Джон Дж. – первый Джон Дж. – пришел сюда после распада городов, когда люди раз и навсегда покинули места кучного проживания, порвали с племенным инстинктом, вынуждавшим их тесниться в одной пещере или на одной поляне, чтобы защититься от врага или иной общей угрозы. Эта потребность изжила себя – нет больше ни врагов, ни иных угроз. Человечество взбунтовалось против стадного инстинкта, за тысячелетия выпестованного в нем экономическими и социальными условиями. Новообретенные безопасность и самодостаточность позволили индивидууму сбросить эти оковы.
Тенденция была заложена в двадцатом веке, более двухсот лет назад, когда люди перебирались из городов в сельскую местность ради свежего воздуха, ради просторного жилья, ради благостной жизни – всего того, чего их самым суровым образом лишал городской социум.
И вот конечный результат. Тихая жизнь. Мир и покой, какие могут быть достигнуты исключительно благодаря правильному прогрессу. Образ жизни, к которому человечество стремилось веками. Манориальное землевладение со старыми родовыми гнездами и необрабатываемыми угодьями, с атомными источниками энергии и роботами вместо крепостных.

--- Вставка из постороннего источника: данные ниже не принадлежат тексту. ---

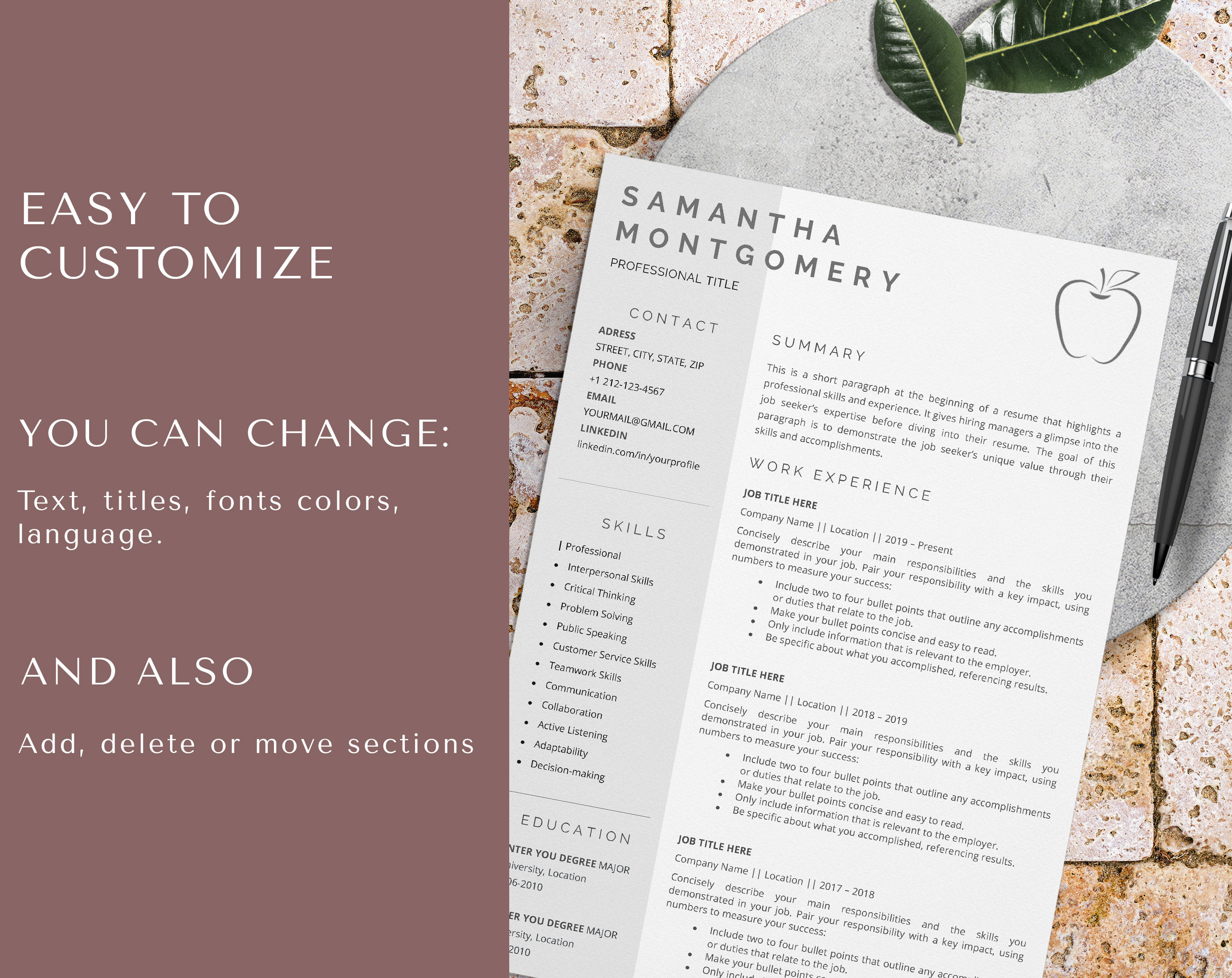 Preschool Teacher Resume Template for Word / Professional CV Template

Вебстер улыбнулся, глядя на пляску огня. Камин – анахронизм, но не из худших – потомок очагов, спасавших от холода людей в пещерах. Ни малейшего практического смысла в век атомного отопления, зато какое удовольствие! Перед реактором не посидишь, высматривая в ядерных сполохах сказочные замки и дворцы.
А взять этот склеп, где сегодня погребли отца? Он тоже часть родового гнезда, неотъемлемый атрибут. Сумрачная гордость, покой, неспешный ток жизни. В прошлом мертвых хоронили на обширных участках бок о бок, родных вперемежку с чужими…
Он никогда не покидает поместья.
Так сказал пастору Дженкинс.
И это правда. Какой смысл оставлять дом? Здесь все под рукой. Покрути ручку настройки, и любой человек, с кем захочешь пообщаться, вмиг окажется рядом, пусть и не во плоти. Пожелаешь посмотреть спектакль, послушать музыку, полистать книги – к твоим услугам театры, концертные залы и библиотеки всего мира. Не вставая с кресла, можно вести любые дела.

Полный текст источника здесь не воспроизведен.